» **Exercise directions**
Omit the pictures. Transcribe exactly the lines below, from the one with "a shortΒ haired" up to and including the last.
** Recorded data follows **
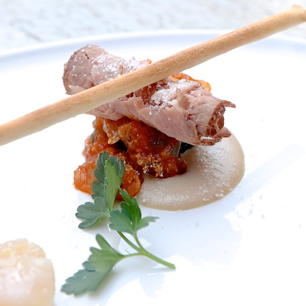 ローストビーフのトンナートソース(イタリア風のツナとマヨネーズのソース)、ラタトゥイユ。
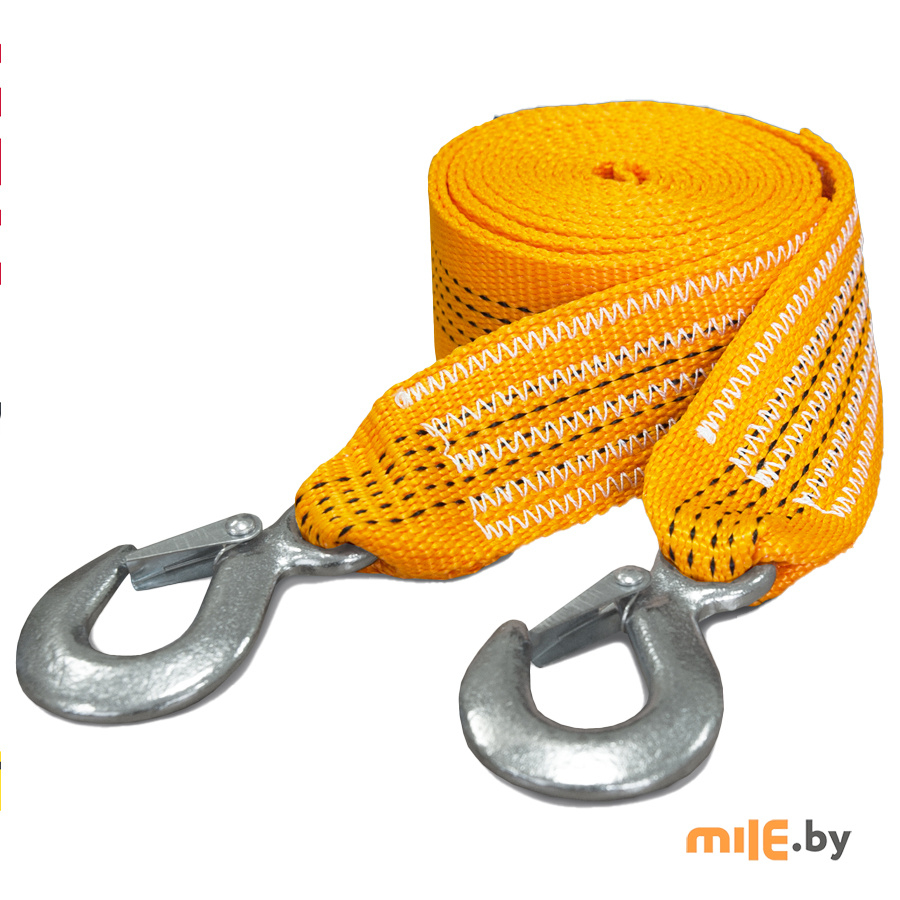 Предназначен для надежного буксирования автомобилей весом до 12 тонн. Усиленный морозоустойчивый трос из высокопрочной полипропиленовой нити. Прочный литой крюк с надежным замком.
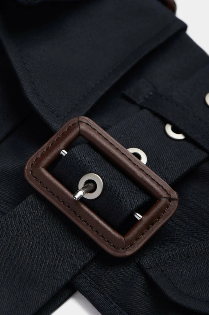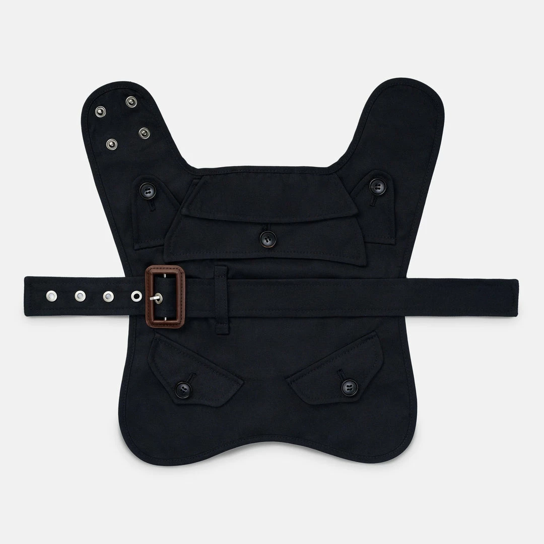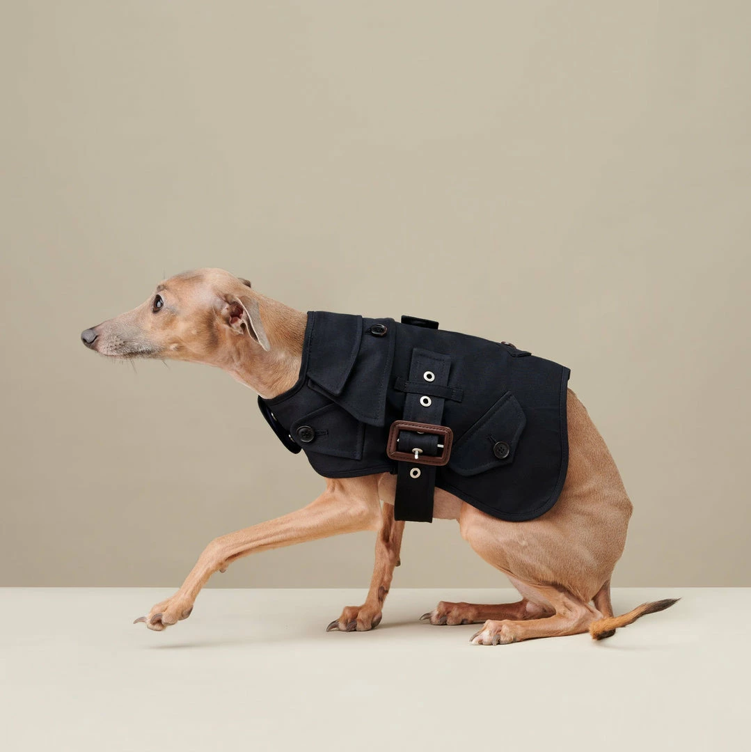 “As a shortΒ haired breed, I sometimes get a little chilly. Keep me cozy and warm in this soft navy trench coat. The easy-to-fasted belt has metal eyelets for durability, real horn buttons, and a leather buckle for a touch of flair.”Β – Nala, Greyhound
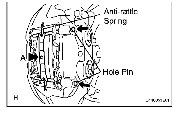 (b) While pressing the area labeled A, remove the 2 front disc brake anti-rattles with hole pins and front disc brake anti-rattle spring.
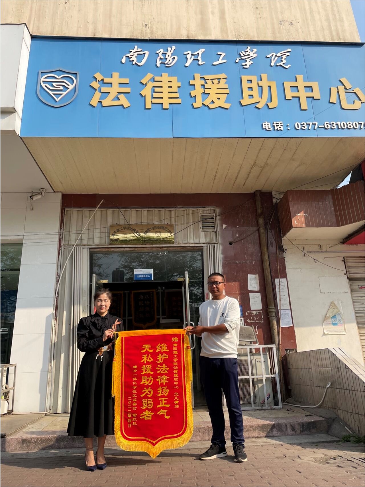 本网讯(特约记者/王冷)近日,城乡一体化盆窑村居民谢红柱送来了一面写有“维护法律扬正气,无私援助为弱者”的锦旗,表达对南阳理工学院法律援助中心和卫凡律师提供的法律援助表示由衷的感谢。
** End of Recorded data **
» **Answer to this problem**
 “As a shortΒ haired breed, I sometimes get a little chilly. Keep me cozy and warm in this soft navy trench coat. The easy-to-fasted belt has metal eyelets for durability, real horn buttons, and a leather buckle for a touch of flair.”Β – Nala, Greyhound
 (b) While pressing the area labeled A, remove the 2 front disc brake anti-rattles with hole pins and front disc brake anti-rattle spring.
 本网讯(特约记者/王冷)近日,城乡一体化盆窑村居民谢红柱送来了一面写有“维护法律扬正气,无私援助为弱者”的锦旗,表达对南阳理工学院法律援助中心和卫凡律师提供的法律援助表示由衷的感谢。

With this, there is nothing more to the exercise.